→ **Work request**: Copy each record exactly and skip its pictures.

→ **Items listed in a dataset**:
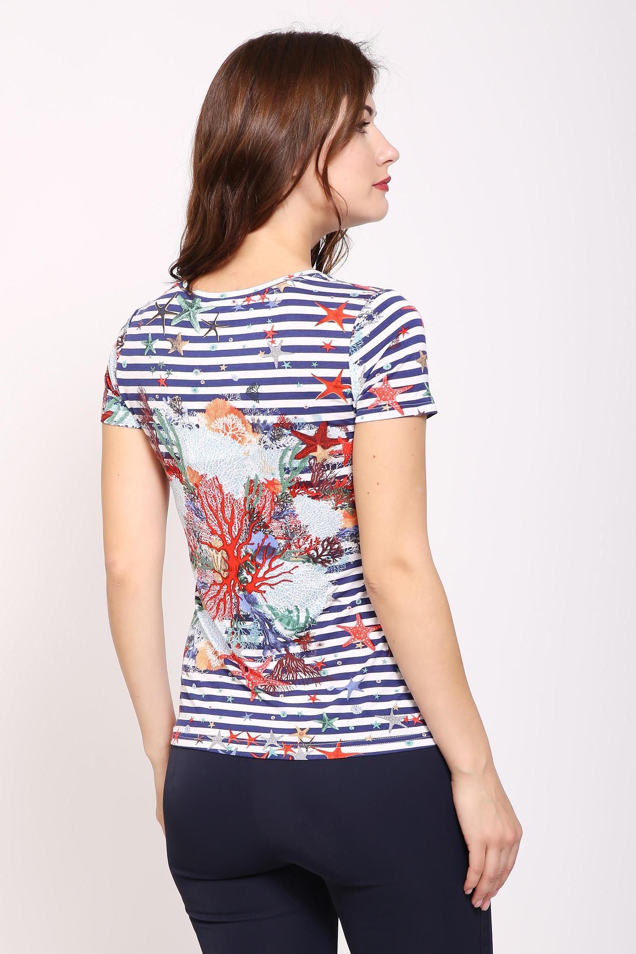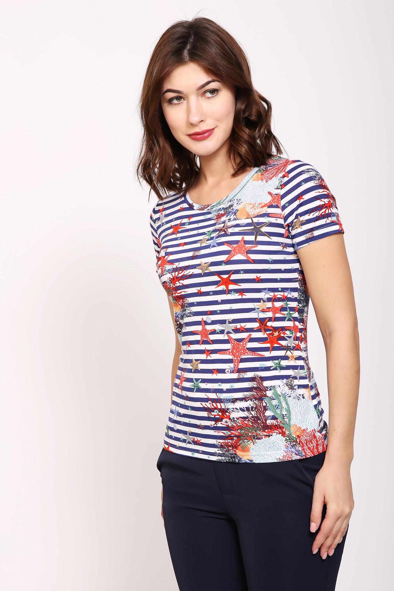 Эта футболка Pezzo – идеальный выбор для создания легкого и стильного образа. Модель выполнена из приятной к телу ткани на основе вискозы с добавлением эластана, обеспечивающей комфорт и свободу движений. Полосатый принт в сочетании с яркими элементами морской тематики придает футболке свежий и запоминающийся вид. Классический круглый вырез горловины и короткие рукава делают ее универсальной для различных сочетаний в вашем гардеробе.
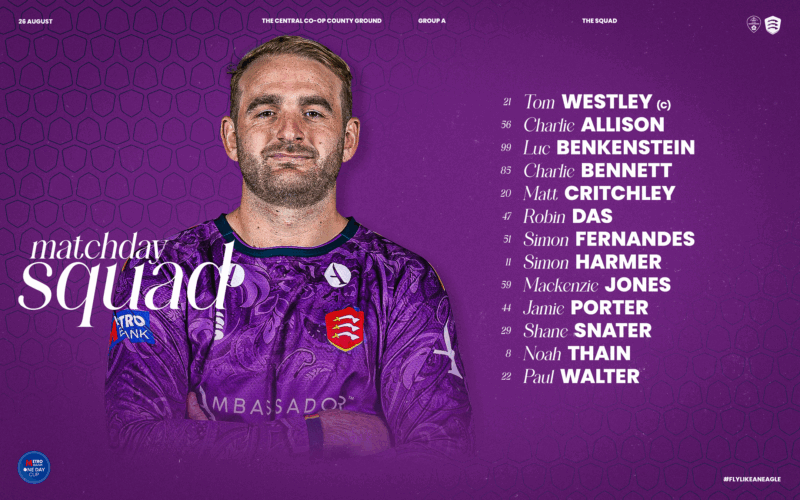 Essex: Feroze Khushi, Josh Rymell, Tom Westley (C), Grant Roelofsen, Robin Das, Will Buttleman (WK), Aaron Beard, Shane Snater, Aron Nijjar, Jamal Richards, Jamie Porter.
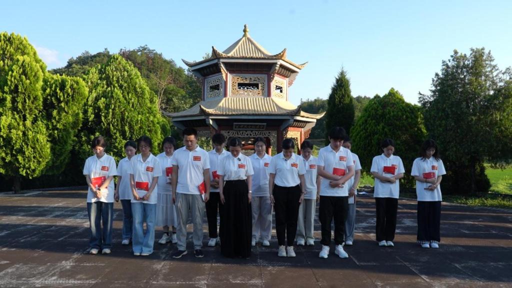 革命烈士纪念碑前,气氛庄重肃穆。学生代表身着红军服,以《瑞昌战役中的青春壮歌》为题,重现当地红军战士李大山为掩护群众转移,坚守阵地直至弹尽粮绝的英雄事迹。他们用激昂的语调还原烈士就义前的慷慨陈词,用细腻的动作演绎军民互助的温暖瞬间,“乡亲们,往前冲,我来断后!”一句饱含赤诚的台词,让在场师生仿佛穿越时空,置身于那段波澜壮阔的革命岁月,不少人热泪盈眶。表演结束后,全体师生向纪念碑敬礼,集体默哀三分钟,在“继承先烈遗志,传承红色基因”的集体宣誓声中,完成了一场深刻的红色精神洗礼。“碑体的温度,是穿越时空的精神对话,纪念碑的高度,是红色精神的海拔,我们要做攀登者,更要做传承者。”2023级会计专业学生谈顺江的感受引发共鸣。
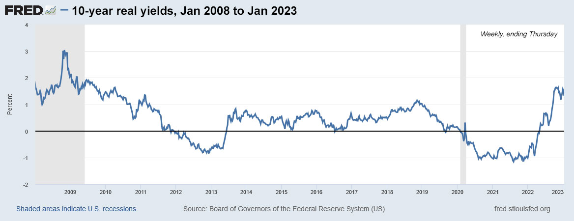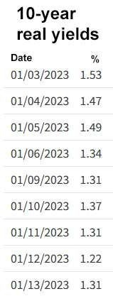 Back on Jan. 14, 2022, a 10-year Treasury Inflation-Protected Security had a real yield of -0.66%. In other words, an investor was accepting a return that would trail official U.S. inflation by 0.66% for 10 years. By April 1, that yield had “increased” to -0.41%. By June 1, it was 0.29%. And now, in mid-January 2023, the 10-year TIPS has a real yield of 1.31%, 197 basis points higher than a year ago.
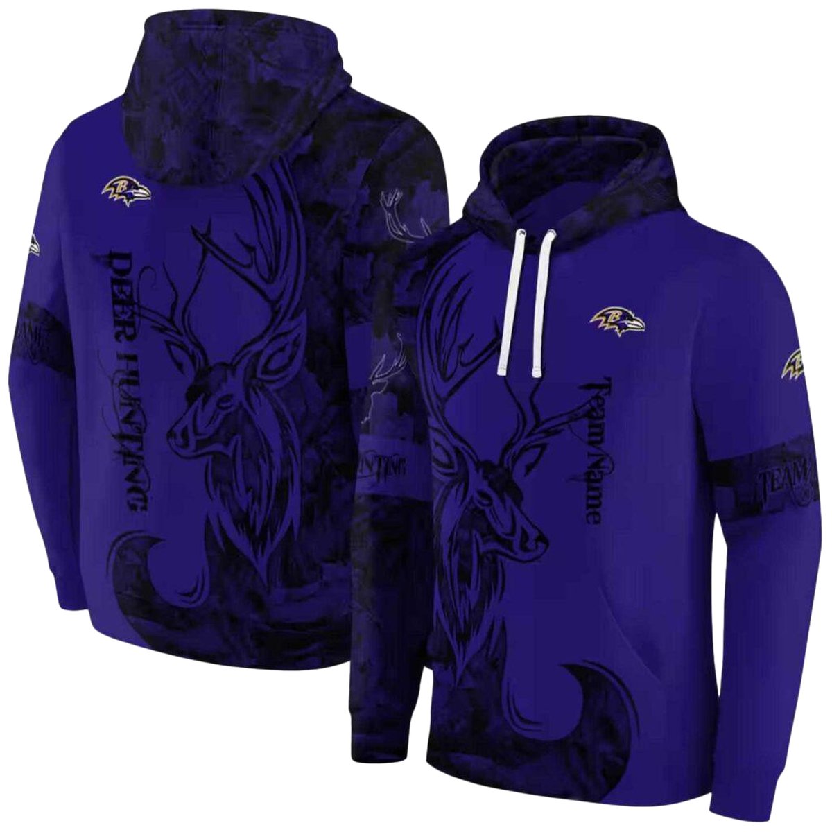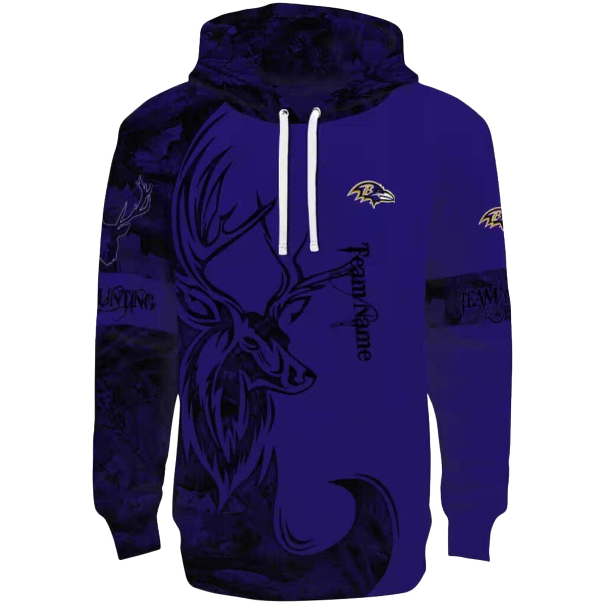 Personalized Baltimore Ravens Deer Silhouette Purple AOP Hoodie

→ **Written reply**:
 Эта футболка Pezzo – идеальный выбор для создания легкого и стильного образа. Модель выполнена из приятной к телу ткани на основе вискозы с добавлением эластана, обеспечивающей комфорт и свободу движений. Полосатый принт в сочетании с яркими элементами морской тематики придает футболке свежий и запоминающийся вид. Классический круглый вырез горловины и короткие рукава делают ее универсальной для различных сочетаний в вашем гардеробе.
 Essex: Feroze Khushi, Josh Rymell, Tom Westley (C), Grant Roelofsen, Robin Das, Will Buttleman (WK), Aaron Beard, Shane Snater, Aron Nijjar, Jamal Richards, Jamie Porter.
 革命烈士纪念碑前,气氛庄重肃穆。学生代表身着红军服,以《瑞昌战役中的青春壮歌》为题,重现当地红军战士李大山为掩护群众转移,坚守阵地直至弹尽粮绝的英雄事迹。他们用激昂的语调还原烈士就义前的慷慨陈词,用细腻的动作演绎军民互助的温暖瞬间,“乡亲们,往前冲,我来断后!”一句饱含赤诚的台词,让在场师生仿佛穿越时空,置身于那段波澜壮阔的革命岁月,不少人热泪盈眶。表演结束后,全体师生向纪念碑敬礼,集体默哀三分钟,在“继承先烈遗志,传承红色基因”的集体宣誓声中,完成了一场深刻的红色精神洗礼。“碑体的温度,是穿越时空的精神对话,纪念碑的高度,是红色精神的海拔,我们要做攀登者,更要做传承者。”2023级会计专业学生谈顺江的感受引发共鸣。
 Back on Jan. 14, 2022, a 10-year Treasury Inflation-Protected Security had a real yield of -0.66%. In other words, an investor was accepting a return that would trail official U.S. inflation by 0.66% for 10 years. By April 1, that yield had “increased” to -0.41%. By June 1, it was 0.29%. And now, in mid-January 2023, the 10-year TIPS has a real yield of 1.31%, 197 basis points higher than a year ago.
 Personalized Baltimore Ravens Deer Silhouette Purple AOP Hoodie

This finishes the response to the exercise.